Они шли к аллее. Сад, пышный и свежий, занимал середину обширного госпитального двора.
– Бофис… Ему я обязан многим! Ему и господину Ларрею.
– Ларрей? – удивился Клот. – Тот самый Ларрей?
– Тот самый, – улыбнулся Норов. – Генерал-штаб-доктор Ларрей.
Они сели на скамью. Клот снял шляпу, обмахиваясь ею, сказал с дружеской фамильярностью:
– Объяснитесь, любезный Норов.
– Давнишняя история, доктор. – Норов стал чертить концом трости по песку. – И вы сами, и госпиталь ваш воскресили во мне давнее. Хотите услышать? Да? Извольте.
Давнишняя эта история заключалась вот в чем.
Почти четверть века минуло с тех дней, когда по Можайской дороге, среди движущейся массы штыков, киверов, повозок, артиллерийских орудий, среди густой массы отступающих от Бородина войск медленно двигались крестьянские телеги, на которых везли в Москву раненых. В одной из таких телег, запряженных взмокшими лошаденками и устланных соломой, лежал прапорщик Норов. Прапорщик был бел, как плат, часто просил пить и терял сознание. Левая нога у него была отнята по колено, обернута бинтами и каким-то мужицким тряпьем.
В Москву добрались ночью. Улицы наводняли телеги с барским добром, узлами, скарбом. Тревожно перебегали огни, сполошно звонили колокола, слышались крики, ругань, плач.
Москва уходила из Москвы. В ту ночь обозники доставили Норова в Голицынскую больницу и внесли прапорщика в первую попавшуюся палату.
Сколько времени пролежал Норов в одиночестве, он не знал и сообразить не мог, но когда он открыл глаза, перед ним был французский кавалерист.
– Вы поймете меня, доктор, – Норов поднял голову и перестал чертить тростью по песку, – вы поймете мое состояние: я догадался – Москва сдана, и заплакал от стыда, от гнева, от собственной беспомощности. А ваш-то кавалерист, что вы думаете? Кавалерист тем временем спокойно шарил под моим тюфяком и под подушкой. А при мне вот только образок на груди (он и теперь на мне): матушка, провожая, дала… Ну-с, пошарил этот мародер да и убрался, ругаясь площадной бранью. А следом другой солдат заглянул. Гасконец, помнится. Он принес мне воды и бисквитов…
Норов помолчал. Рассеянно поглядел вокруг.
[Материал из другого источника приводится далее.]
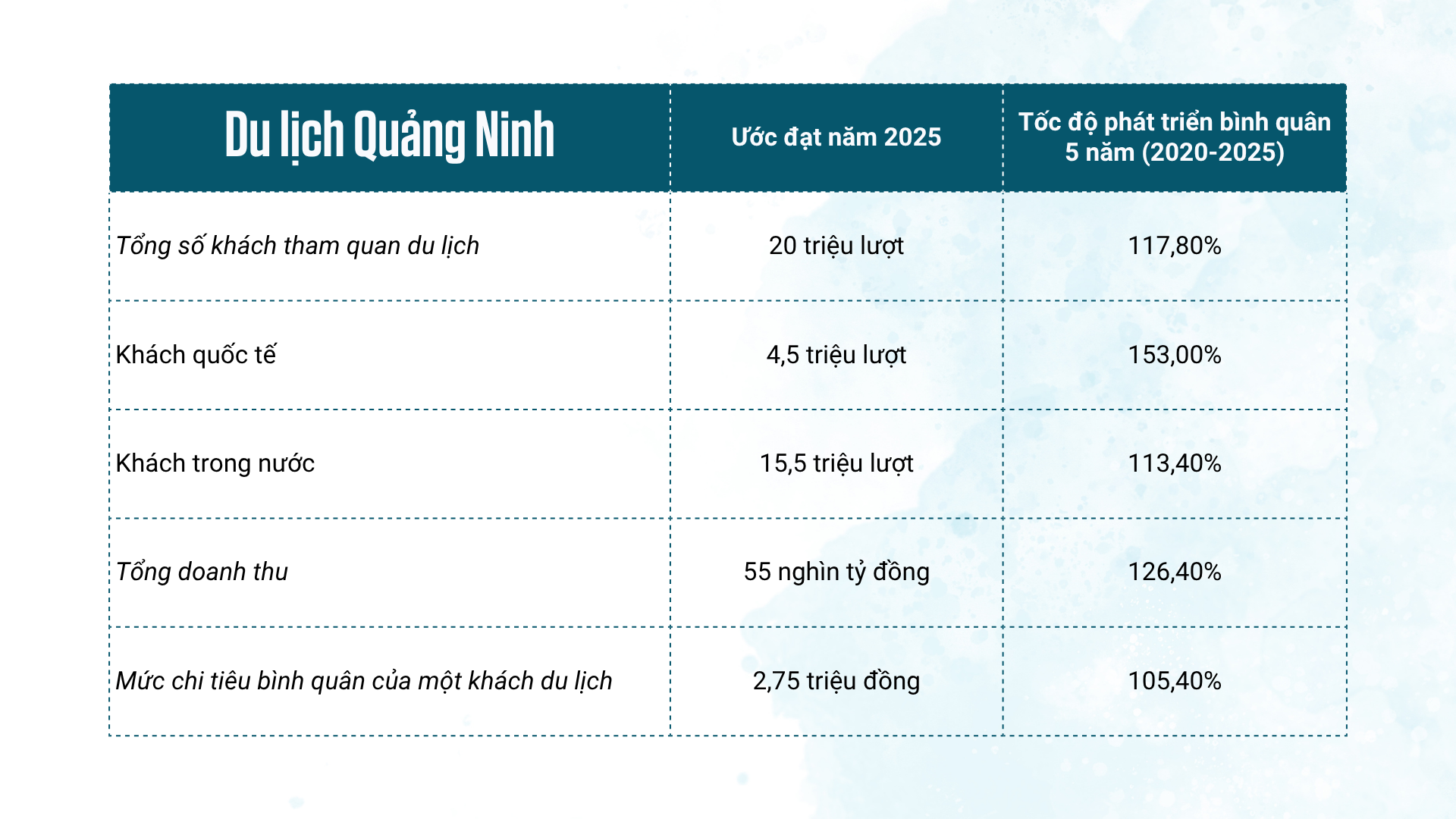 Quảng Ninh thời gian qua đã hình thành bốn vùng du lịch trọng điểm là Hạ Long, Đông Triều - Uông Bí - Quảng Yên, Vân Đồn - Cô Tô và Móng Cái với những sản phẩm đặc sắc trong các loại hình du lịch như du lịch biển đảo, du lịch văn hóa - tâm linh, du lịch cộng đồng - sinh thái, du lịch biên giới. Song, với tiềm năng, thế mạnh của mình, Quảng Ninh được đánh giá là vẫn còn nhiều dư địa phát triển hơn thế.

Снова принялся водить концом трости по песку. И продолжал. Он не мог сказать, в тот ли самый день или на следующий в Голицынской больнице расположился французский госпиталь. В пустую палату, где лежал прапорщик, вошло вдруг много военных медиков. Они, должно быть, осматривали помещения. Впереди шел генерал, седой, обстриженный под гребенку, с властным голосом и жестами. Это и был сам Ларрей, генерал-штаб-доктор, участник всех походов Наполеона, европейская знаменитость, хирург. Он наклонился над Норовым, осмотрел его рану, коротко сказал: «Молодой человек, я займусь вами». Ларрей сделал прапорщику перевязку, пожелал скорейшего выздоровления и обернулся к помощнику: «Господин Бофис, вы будете отвечать за жизнь этого молодца».
– И Бофис прекрасно управился. – Норов постучал тростью по деревянной ноге. – Вот вам, дорогой Клот, и вся история.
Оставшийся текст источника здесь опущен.